Вовсе не случайно многие политические заключенные, попавшие в сталинские лагеря только потому, что не хотели «разоружиться перед партией», то есть отказаться от каких-то пунктов каких-то «платформ» и резолюций, спустя двадцатилетие, выйдя на свободу, с ужасом смотрели на своих лишившихся иллюзий современников как на циников, для которых не осталось ничего святого.
Мандельштам, разумеется, не имел с этими людьми ничего общего. Но если мы хотим понять, что делалось в его душе, мы не в праве с пренебрежением отмахиваться и от этих слабых душ, не вынесших свалившейся на них тяжести и настойчиво убеждавших себя, что они сохранили свои подлинные убеждения и взгляды. Они искренне думали, что сохранили душу свою невзирая на все телесные муки. Между тем на самом деле они лишь на долгие годы законсервировали однажды явившийся в их душе страх перед сознанием полного, абсолютного своего социального одиночества
Поэт всегда в конфликте с современниками (а иногда и с потомками), но это не столько социальный конфликт, сколько конфликт с самой человеческой природой.

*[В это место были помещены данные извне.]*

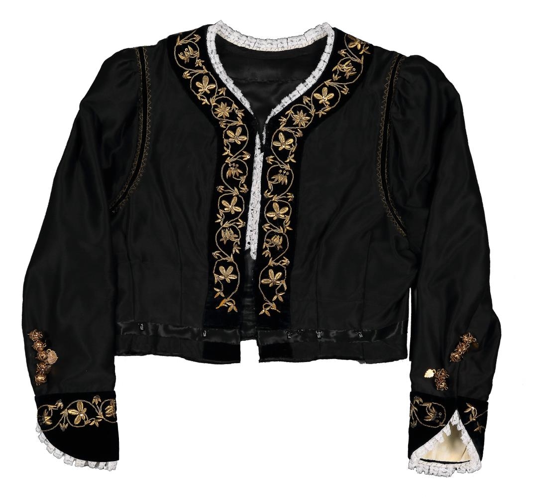 Skauttreyja úr svörtu satínefni eða silki. á boðungum, um hálsmál og fremst á ermum er svart eða svarblátt flauel. Boðungar eru baldýraðir blómamynstri úr gylltum vírþræði. Blómin í baldýringunni eru engjarósir (sjá mynsturteikningar og -skyssur Sigurðar Guðmundssonar málara: Þjms. SG:10:3). Á brúnum hálsmáls og fremst á ermum er hvít blúnda. Fremst á hvorri ermi eru fimm, gylltir hnappar með laufum. Ekki er vitað hver saumaði treyjuna.

Суть противоречия лежит не в сфере социологии. Это явление совершенно особого свойства.
Что же это за «высокая страсть», что за странная, необъяснимая сила, из века в век заставляющая поэтов, как говорил Пушкин, — «для звуков жизни не щадить»?
Что вынудило слабого, запуганного, боящегося физических страданий Мандельштама написать стихи о Сталине, почти наверняка чреватые для него гибелью? Мало того! Не только сочинить, но, сочинив, прочесть — и не двум-трем особо избранным, а одиннадцати знакомым?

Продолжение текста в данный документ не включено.